------ DATA
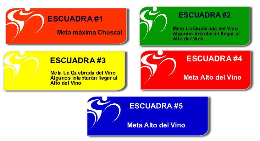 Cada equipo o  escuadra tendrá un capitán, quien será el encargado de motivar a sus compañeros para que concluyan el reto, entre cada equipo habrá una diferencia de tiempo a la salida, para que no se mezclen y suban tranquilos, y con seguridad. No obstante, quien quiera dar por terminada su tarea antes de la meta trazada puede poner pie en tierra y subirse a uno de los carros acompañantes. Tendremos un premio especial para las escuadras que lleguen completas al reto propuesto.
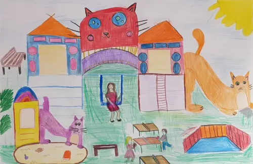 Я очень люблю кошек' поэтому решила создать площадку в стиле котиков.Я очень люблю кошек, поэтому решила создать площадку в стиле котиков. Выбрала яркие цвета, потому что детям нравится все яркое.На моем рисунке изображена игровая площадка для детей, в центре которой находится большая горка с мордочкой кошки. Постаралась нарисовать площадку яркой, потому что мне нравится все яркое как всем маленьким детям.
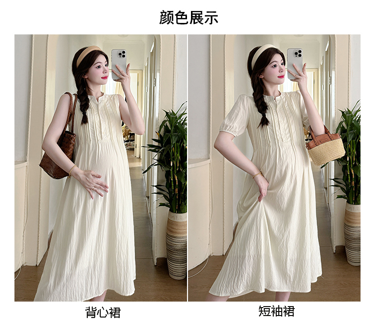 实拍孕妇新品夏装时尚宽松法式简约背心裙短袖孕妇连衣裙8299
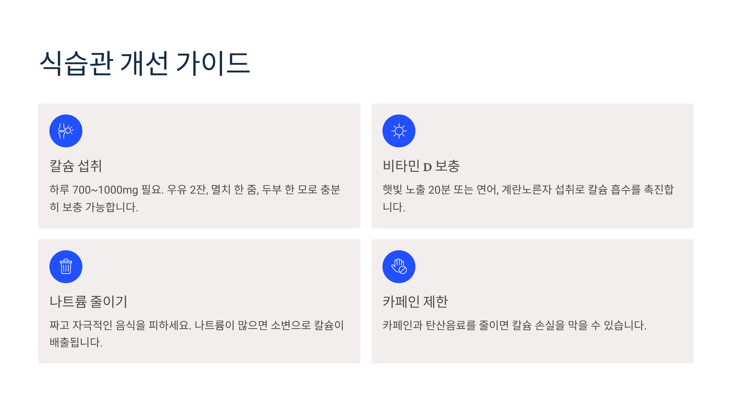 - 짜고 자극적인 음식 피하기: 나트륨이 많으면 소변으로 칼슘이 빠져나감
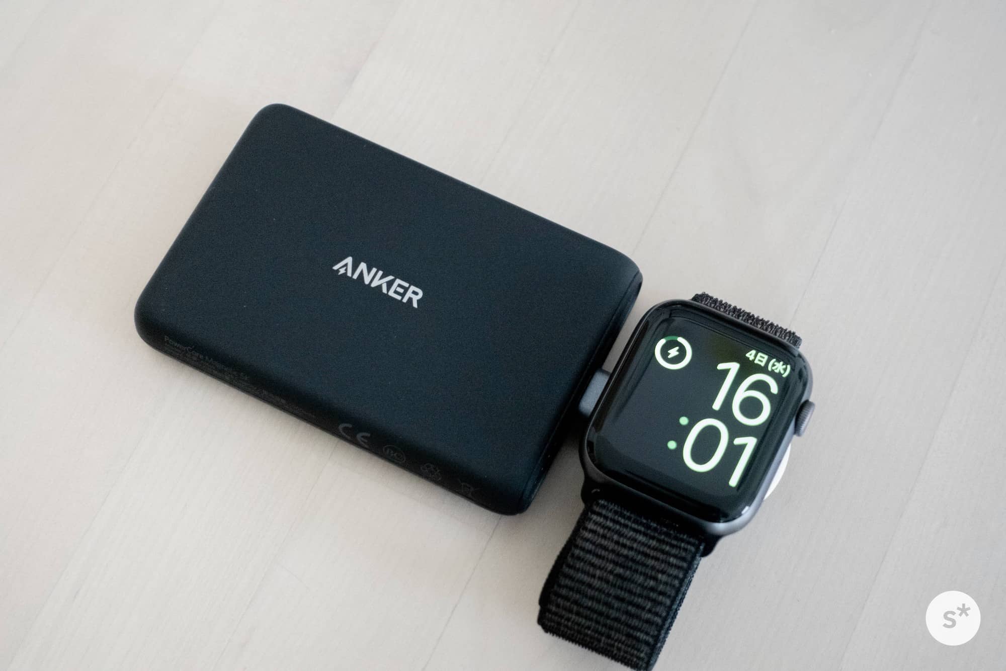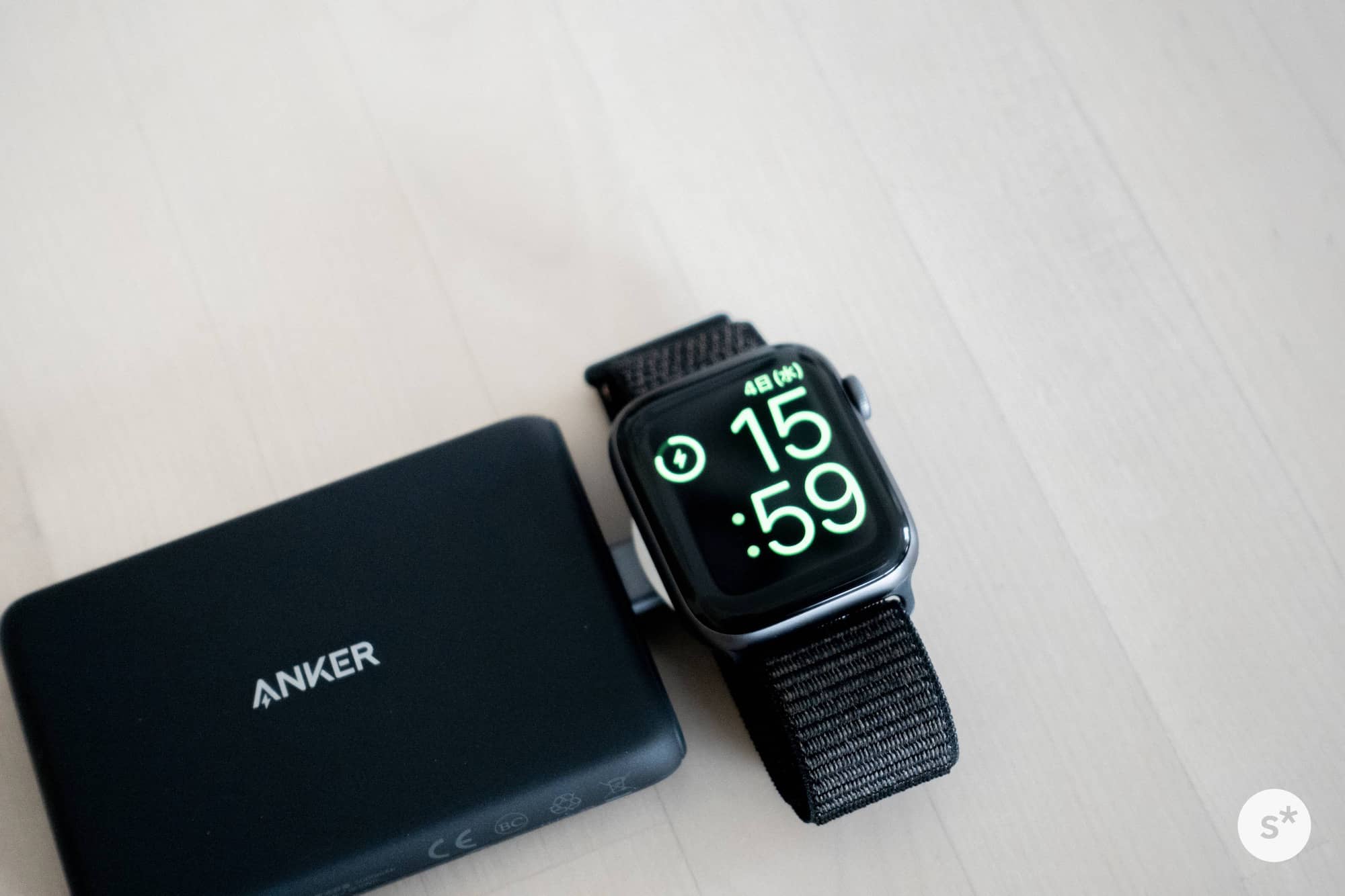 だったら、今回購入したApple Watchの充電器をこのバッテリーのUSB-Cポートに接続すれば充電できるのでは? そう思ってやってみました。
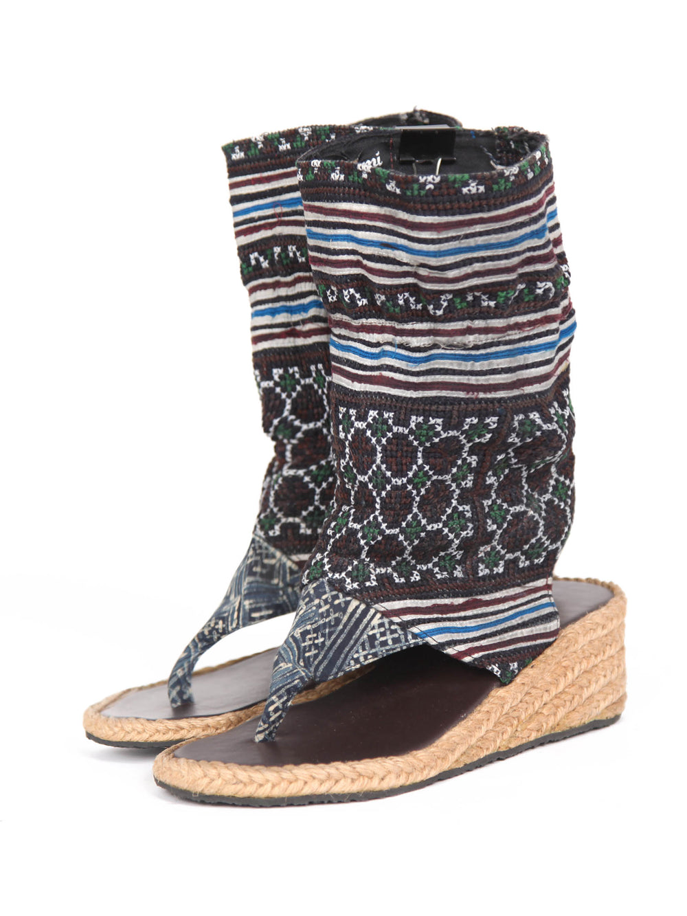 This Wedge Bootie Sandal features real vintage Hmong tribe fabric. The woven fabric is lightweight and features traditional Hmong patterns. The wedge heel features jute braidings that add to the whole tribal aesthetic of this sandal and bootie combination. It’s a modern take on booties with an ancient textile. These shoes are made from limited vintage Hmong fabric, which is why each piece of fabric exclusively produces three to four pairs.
------------
Please reproduce the lines exactly from the one containing "Я очень люблю кошек'" through the last line of the data above, and keep the pictures out.

 Я очень люблю кошек' поэтому решила создать площадку в стиле котиков.Я очень люблю кошек, поэтому решила создать площадку в стиле котиков. Выбрала яркие цвета, потому что детям нравится все яркое.На моем рисунке изображена игровая площадка для детей, в центре которой находится большая горка с мордочкой кошки. Постаралась нарисовать площадку яркой, потому что мне нравится все яркое как всем маленьким детям.
 实拍孕妇新品夏装时尚宽松法式简约背心裙短袖孕妇连衣裙8299
 - 짜고 자극적인 음식 피하기: 나트륨이 많으면 소변으로 칼슘이 빠져나감
 だったら、今回購入したApple Watchの充電器をこのバッテリーのUSB-Cポートに接続すれば充電できるのでは? そう思ってやってみました。
 This Wedge Bootie Sandal features real vintage Hmong tribe fabric. The woven fabric is lightweight and features traditional Hmong patterns. The wedge heel features jute braidings that add to the whole tribal aesthetic of this sandal and bootie combination. It’s a modern take on booties with an ancient textile. These shoes are made from limited vintage Hmong fabric, which is why each piece of fabric exclusively produces three to four pairs.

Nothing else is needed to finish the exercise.